Protests intensified in Minnesota following the fatal shooting on Wednesday of a 37-year-old mother by an Immigration and Customs Enforcement (ICE) officer. State and federal officials offered sharply conflicting accounts of the incident, while Minnesota investigators said they had been excluded from the federal investigation.
Later on Thursday, a US Border Patrol agent shot and wounded a man and a woman in Portland, Oregon. Once again, local officials—who quickly urged calm—said they were unable to independently verify the federal government’s version of events.
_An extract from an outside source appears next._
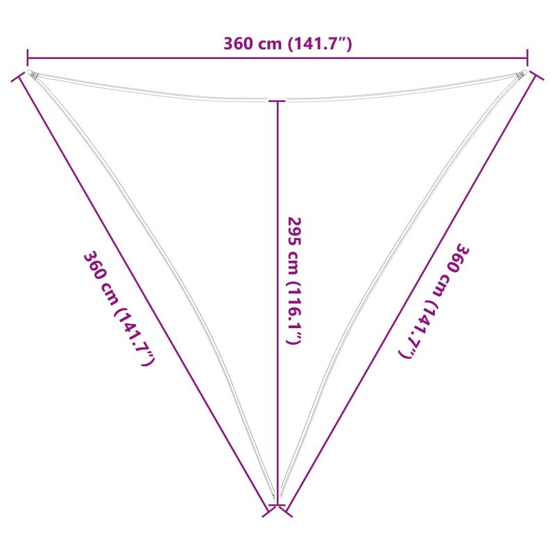 Сенникът за слънце е перфектното решение за горещите летни дни. Тази триъгълна конструкция комбинира стил и практичност, добавяйки страхотен вид на всяка тераса или градина. С неговия минималистичен подход, ще създадете уютна и защитена зона за релакс на открито. Качествени материали: Направен от 100% полиестер, устойчив на влага и дъжд, за максимална издръжливост. Сигурни компоненти: Неръждаеми закопчалки на ъглите за лесно и безопасно закрепване. Иновативен дизайн: Триъгълната форма привнася стил и осигурява добро покритие на различни открити пространства. Множество приложения: Идеален за различни места като градини, балкони и тераси, за да създадете сенчести кътчета. Инструкции за грижа: Лесен за поддръжка, с възможност за почистване с мека четка и студена вода.

In both incidents, Democratic mayors and governors called on the Trump administration to withdraw federal officers. These officers have been deployed largely in Democrat-led cities, a move backed by many of Trump’s supporters following his campaign pledge to deport undocumented immigrants.
Democrats and civil rights groups have criticised the intensified enforcement actions, describing them as an unnecessary provocation.
“When a president endorses tearing families apart and attempts to govern through fear and hate rather than shared values, you foster an environment of lawlessness and recklessness,” Oregon Governor Tina Kotek said.
Portland police said early on Friday that six people were arrested during protests near an ICE building in the city’s South Portland neighbourhood.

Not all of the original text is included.